È dunque abbastanza evidente che domenica scorsa non ha vinto né Bonaccini né il “buon governo” né tantomeno il Partito: ha vinto (e davvero di misura) un comprensibile voto contro. Contro Salvini, e il suo fascismo citofonico. Ma si tratta di una vittoria paradossale: la presenza di una estrema destra potenzialmente eversiva del sistema di valori costituzionale, diventa di fatto la garanzia del mantenimento al potere di quella destra (non sempre) moderata che è diventato il Pd emiliano.
A chi trovasse quest’ultima una definizione eccessivamente severa, ricordo: l’allineamento dell’Emilia Romagna di Bonaccini al progetto della “secessione dei ricchi” attuato attraverso l’autonomia differenziata, massimo obiettivo politico della Lega; una legge urbanistica mangia-suolo da palazzinari anni ’50, la peggiore d’Italia; l’opposizione di Bonaccini alla pur timidissima plastic tax del Conte bis: il segno di uno sviluppismo insostenibile, del tutto disinteressato al futuro; l’incapacità (nel migliore dei casi) di arginare una infiltrazione della ‘ndrangheta che sfigura in modo drammatico il tessuto economico e civile della regione; una sanità sempre più tagliata e privatizzata, con il consenso di Lega e Forza Italia in consiglio regionale; una politica securitaria e razzista indistinguibile da quella leghista (si legga per esempio il libro recentemente dedicato da Wolf Bukowski alla Buona educazione degli oppressi). Ora, non c’è dubbio che la Lega avrebbe potuto far peggio: in certi casi un po’ peggio, in altri molto peggio. E soprattutto non c’è dubbio che a fare le spese di questo ulteriore peggioramento sarebbero stati i più fragili.

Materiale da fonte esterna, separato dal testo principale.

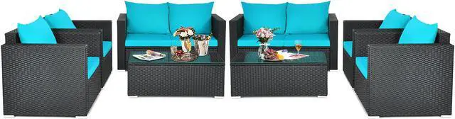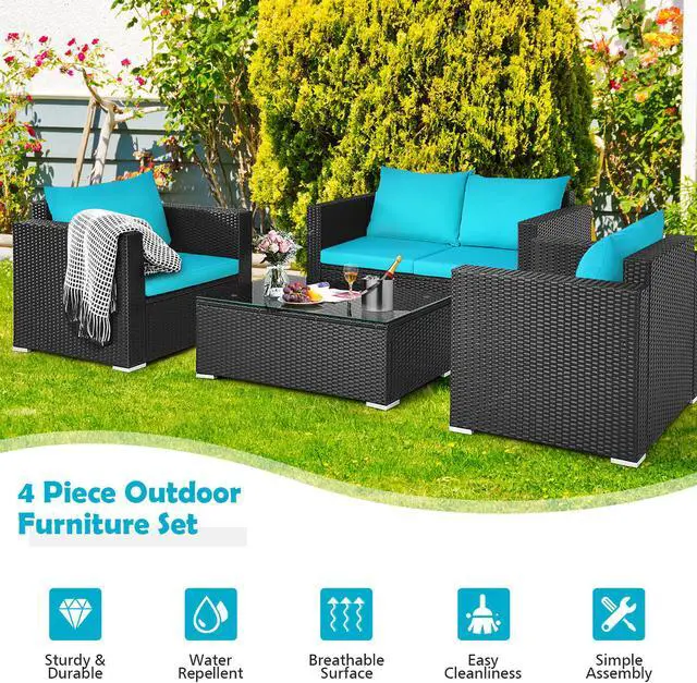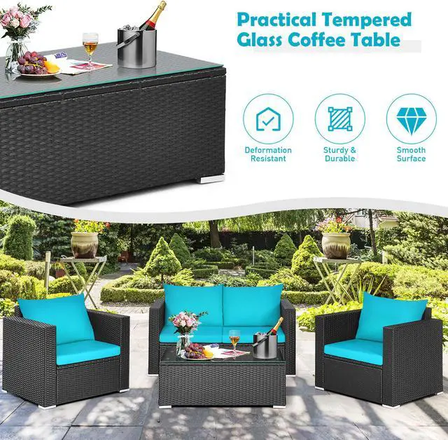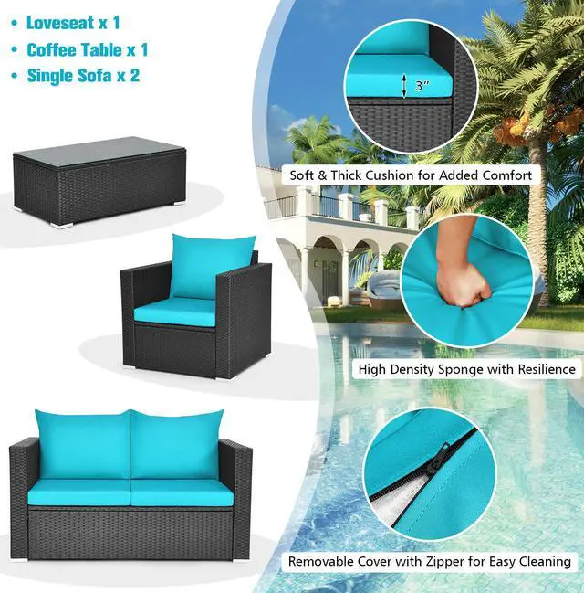 Because of the soft seat and back cushions, this outdoor sofa set can provide you with comfortable sitting experience. Widened armrests relax your arms and provide better support for your body. The frame is made of powder-coated steel and sturdy PE rattan wicker, which is sturdy enough to ensure a long lifespan. Aluminum foot pads at the bottom enhance the stability. Besides, the rattan table is equipped with a tempered glass tabletop, which is convenient for you to placing some drinks and fruits on it. If the cushion gets dirty, you can simply zip off the cushion cover and wash it.
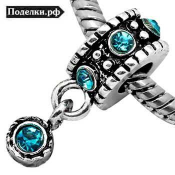 Металлическая бусина-бейл с подвеской Пандора 0006642 серебряный цвет с голубыми стразами 21x10 мм
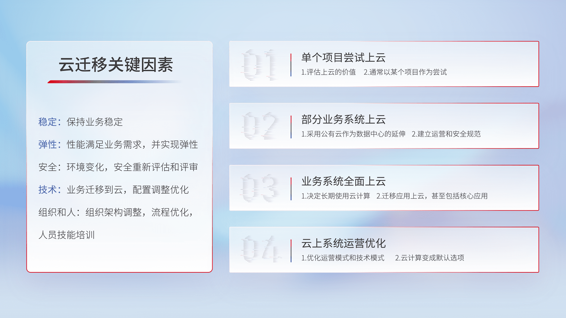 结合实际业务,,,从规划设计、、云平台选型、、、、云原生改造、、、数据迁移、、集成交付,,,迁移全过程为客户识别最佳上云路径,,,做好风险识别管理,,,,设计网络架构、、身份权限、、、安全审计合规、、操作审计、、、、日志审计、、、监控告警策略、、、、多站点容灾设计等,,,,对云上基础设施进行整体规划,,提升IT治理水平,,以满足弹性、、高可用、、高性能的需求。。。
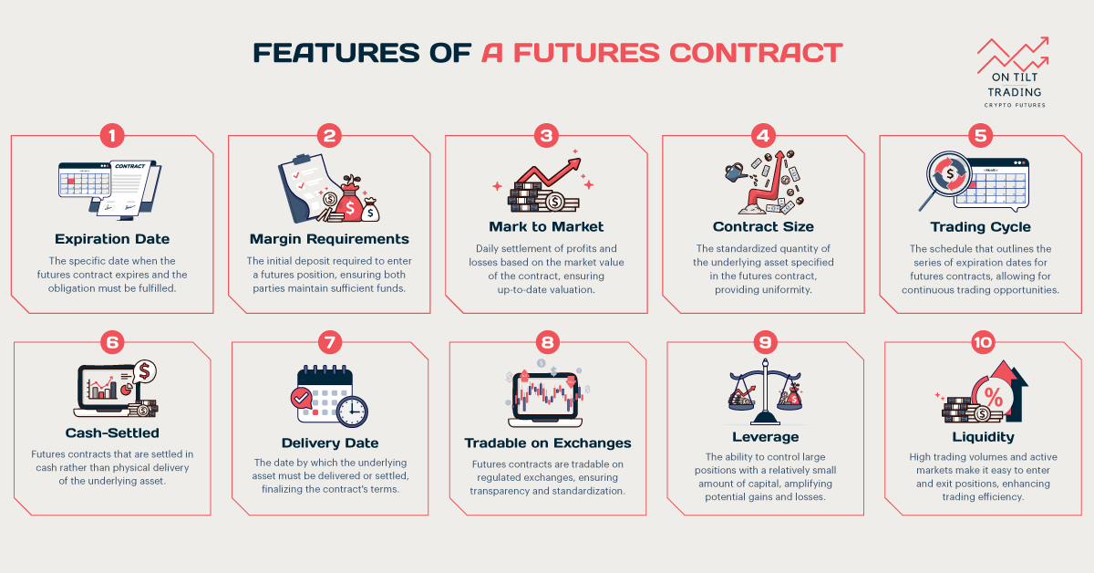 The infographic also highlights margin requirements, marking-to-market, and the role of leverage in futures trading. With clear visuals and concise descriptions, it illustrates how futures contracts function in the financial markets, detailing their benefits and risks.
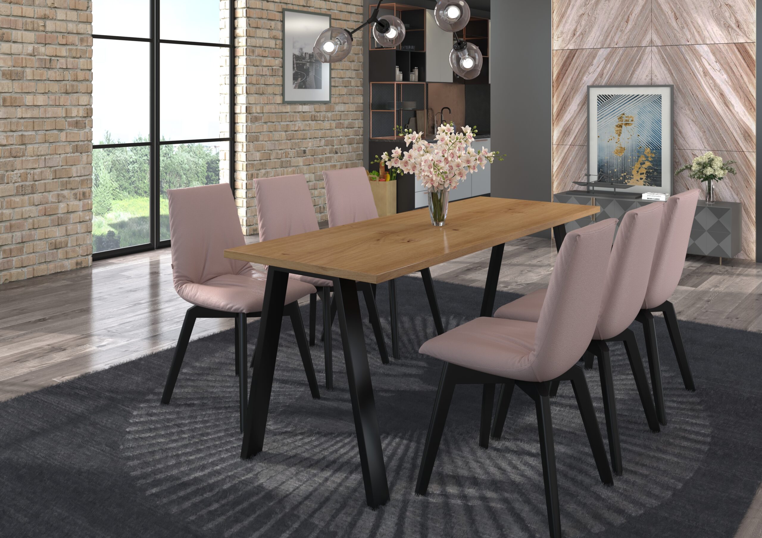 • Loftowy charakter – czarne nogi w macie + ciepłe dekory drewna.
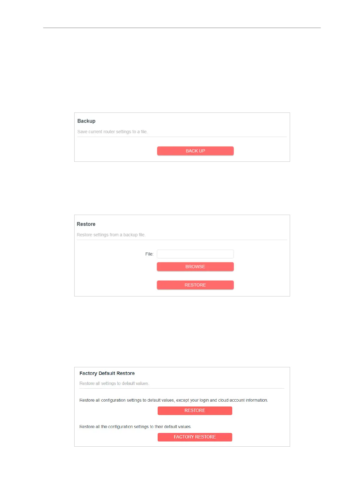 Click BACK UP to save a copy of the current settings in your local computer. A “.bin“

Ma da qua a dire che “ha vinto la sinistra” ce ne corre davvero molto. Invece, il rischio è proprio questo: un ulteriore spostamento a destra dell’intero quadro politico, con le forze a sinistra del Pd che confluiscono “felicemente” in quest’ultimo. Se l’infelice presenza di LeU nel governo Conte bis (un governo, giova ricordarlo, che non riesce a modificare le leggi più “fasciste” del governo Conte Uno) è stato un anticipo di questa “soluzione finale”, l’intervista post-elettorale di Nicola Fratoianni al Manifesto ne tratteggia la road map, prospettando entusiasticamente per la sinistra politica nazionale un destino “emiliano”: e cioè un permanente e strutturale fiancheggiamento critico del Pd in nome del frontismo antileghista. Di fatto, una confluenza in nome dell’emergenza. Sarebbe l’accomodarsi permanente della sinistra politica al tavolo di potere di un centro-sinistra più che mai determinato a non cambiare alcunché di se stesso: e che nel momento in cui riesce a presentarsi come efficace baluardo contro i nuovi fascisti, non ha più nemmeno il bisogno di far finta di cambiare.
Non per caso, l’eclissi (momentanea o definitiva, ma certamente ampiamente meritata) del Movimento 5 Stelle ha immediatamente indotto il Pd e i commentatori di area a prospettare l’abbandono del progetto di legge elettorale proporzionale e l’adozione di un maggioritario ancora più sbilanciato dell’attuale. Il che equivarrebbe a smontare un altro pezzo di democrazia in nome della perpetuazione della propria rendita di potere. Una chiusura dalle conseguenze gravissime: e non solo perché potrebbe approfittarne proprio la Lega, ma per lo stravolgimento di ogni dinamica democratica. Perché nel maggioritario importa solo vincere, non essere giusti. Comandare, non rappresentare. Decidere, non includere. Ed esultando per la vittoria del “male minore” (ma proprio il male minore che ha generato alla fine il male maggiore che oggi dice di arginare) siamo già sprofondati in questa deviante logica binaria che non conosce alternative possibili.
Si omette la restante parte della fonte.